Ann, I can't believe you've doubted your writing ability. Like, ever. Your prose is gorgeous and layered and so, so atmospheric, putting your readers in the scenes you've masterfully crafted.
From the beginning, we're there with Lois and Sandman, taken along on this dizzying, horrifying ride:
The robed figure reached out an arm, which grew to an immense length, and grabbed the glowering horizon an eternity away. Reaching out to gather in Lois with his other arm, he pulled them both, at a dizzying speed, up flush against the wall of the horizon. With his bony fingers, he parted its red-black folds, and opened a window onto a world outside; grey, howling and swirling from a blizzard. Grabbing her hand tighter he led her out into the raging, pounding snow. But the screaming white fury didn’t seem to touch her. As if her body had been surrounded by an invisible aura, the snow whirled past her, failing to make contact.
Then she made out the crashed balloon, its huge red inflated air-trap, a beached whale, a titanic Amazon’s cut-off rosy breast, straining and pulling at the remnants of its basket across the snow-choked ground. Next to it, a small, brightly-colored figure of a man, his red cape flapping furiously in the wind, was carefully cradling an unmoving, broken-looking woman in his arms.
Wow. Just wow. The description here is stellar. (One tiny nit-pick: When you write "a titanic Amazon's cut-off rosy breast," I've paused there every time because of the "cut-off," though I completely understand the reference. Maybe "severed" would work better there?) Honestly, I'm at a loss for proper FDK, and this is just the fourth and fifth paragraphs of your story!
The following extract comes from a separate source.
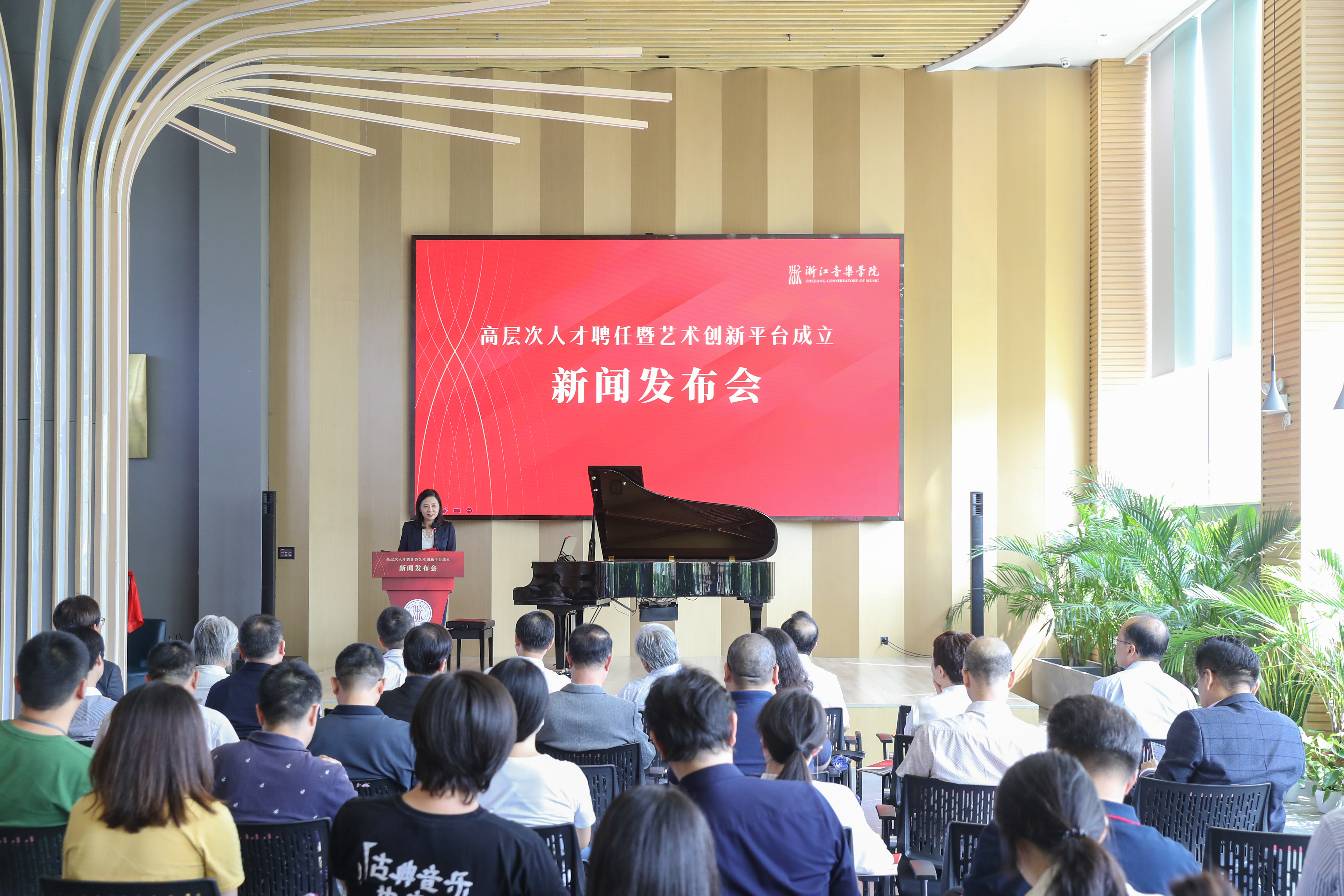 作者:孟欣 来源:人才办、宣传部 发布时间:2022-09-30为认真落实中央和省委人才工作重要决策部署,全面推进“聚天下英才而用之”的人才强校战略思想,9月30日上午,学院举办高层次人才聘任暨艺术创新平台成立新闻发布会,宣布了又一批国际顶尖艺术大师加盟、与浙江交响乐团签约共建乐队学院、成立民族室内乐团和室内管弦乐团等一系列重磅消息。省文化和旅游厅一级巡视员柳河、科技与教育处处长郑妮,学院党政领导班子成员干武东、王瑞、蔡亦军、杨九华、奚丽萍、李俊出席发布会。此次受聘的艺术家有著名指挥家张艺,著名女高音歌唱家孙秀苇,瑞士籍著名艺术家、钢琴家、作曲家罗曼·克鲁莫夫,著名作曲家、电子声学音乐专家安承弼,著名指挥家王甫建,青年指挥家焦阳,浙江交响乐团团长郭义江,浙江交响乐团首席何凡亮相发布会。发布会由学院党委副书记蔡亦军主持。

But even staring Death in the face, Lois doesn't lose her famous indignation:
”What???” She grabbed the Dream-Lord’s robe and shook him, sending stars and spiders flying. ”You bring me here just to make me watch myself dying???” Turning, she spat sparks of fury at the approaching shape of Death. ”And you can take your scythe and shove it!!! I’ll make you sit on it!!!"
*loves* This was a great way to allow us to breathe, if only for a second.
Because then, Lois' consciousness is momentarily shoved back into her broken, dying body, only to leave again:
And she was floating comfortably in the sky, looking down at a still woman and at three men gathered around her. One man, in a beloved blue skintight suit, its bright colors and gaudy design seemingly taken right out of a children’s comic book, was cradling the woman in his arms. A tall figure, so dark that the negation of illumination seemed to radiate out of him like an inverted sun, moved inexorably closer to the woman and reached out a skeleton-hand for her heart.
Again, such haunting, gorgeous description. If I weren't sitting on the edge of my chair, I would've laughed at the "children's comic book" line, and I loved reading Death as "an inverted sun."
And the way you've written the instrinsic, almost elemental connection between Clark and Lois left me near tears. Your Lois and your Clark bring a whole new meaning to the term "soul mates," Ann:
He was a huddled, grieving figure of a man, with a Lois-shaped hole in his heart, still oblivious to her. She reached out to him, to touch his heart. His heart-hole beckoned her. It invited her in, and she floated inside, settling herself into the snug fit of the hole. Until it was a hole no more. As she completed him and filled him, and snuggled herself into his warmth, she felt his presence imbue her. His heart, now healed, made her own heart grow back inside her. In tandem, their hearts set her stilled blood moving. Together, they sent her presence flowing along his nerves and capillaries into the body that was hers, leaping like sparks of electricity into the body he was holding in his arms.
Ann, I could go on and on quoting, it's all so wonderfully written and fraught with suspense. This deal Lois has made with Sandman — she's basically wagered her life to save Clark's own! It's the inversion of a familiar gesture (Clark putting himself at risk time and again to save Lois) that makes what your Lois has done all the more powerful. Sandman's going to put the world in a deep sleep, and everyone's going to forget that Clark ever revealed himself as Superman. And now Lois is left, lying broken and bleeding and dying somewhere in the Arctic, completely alone, with only her hope that an unknowing Clark will save her to comfort her:
A red balloon, dark in the pale moonlight, lay half-buried under the snow, and a woman’s broken body lay sprawled beside it, her blood tracing a delicate calligraphy of love letters in the snow.
Such a poignant, haunting line to end on. Ann, this is such beautiful writing, and what a gripping story — you must must must post your next chapter soon.